Unstructured clinical data, such as clinical notes and reports, along with the computational infrastructure and tools, have seen an increasing demand from the research community in the last years, mostly fueled by recent advances in statistical and machine-learning approaches to data insight. We are meeting this demand with the Information Commons – a research data platform that hosts and provides direct access to de-identified data, advanced analytics tools, and computational environments for our research community.
While we are realizing access to de-identified electronic health records, images, omics and biobank data, this session highlights the progress made to provide more than 110 million de-identified notes to the research community.
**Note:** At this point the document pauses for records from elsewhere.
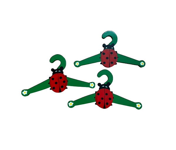 Leuk, heel stevig houten kleerhangertje beschilderd aan beide zijden met een lieveheersbeestje
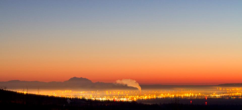 Above: At 10:28 a.m. the sun has yet to rise above tree line, snow can be seen blowing off peaks in the Alaska Range. Elliott Highway, 37 miles north of Fairbanks.
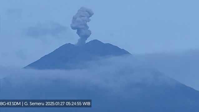 - Pada Senin (27/1/2025), Gunung Semeru di Kabupaten Lumajang mengalami enam kali erupsi, dengan tiga di antaranya teramati secara visual.
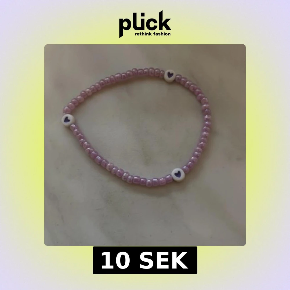 Sött armband med små lila pärlor och tre vita pärlor med lila hjärtan. Perfekt accessoar för att ge din outfit en gullig touch.

We developed and operationalized a fully automatic de-identification algorithm and implemented EMERSE, a user-friendly tool for non-programmatic access and sophisticated textual searches on the de-identified clinical notes.
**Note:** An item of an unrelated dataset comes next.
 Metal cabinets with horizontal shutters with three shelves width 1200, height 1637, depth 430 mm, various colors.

As of December 2021 Our de-identification algorithm and our clinical notes are certified de-identified and are currently available for the UCSF researchers with IRD. The presentation covers the entire pipeline from data extraction to publication and data access focusing on the secured computational infrastructure. Furthermore, we discuss the rigorous evaluation techniques to ensure the quality of the deidentification process and the resulting data according to HIPAA and UCSF Security and Privacy protection requirements. Lastly, we showcase highlights from our research collaborations enabled by this new resource of machine-redacted, unstructured clinical notes linked with de-identified structured EHR data using EMERSE and their impact on the research community.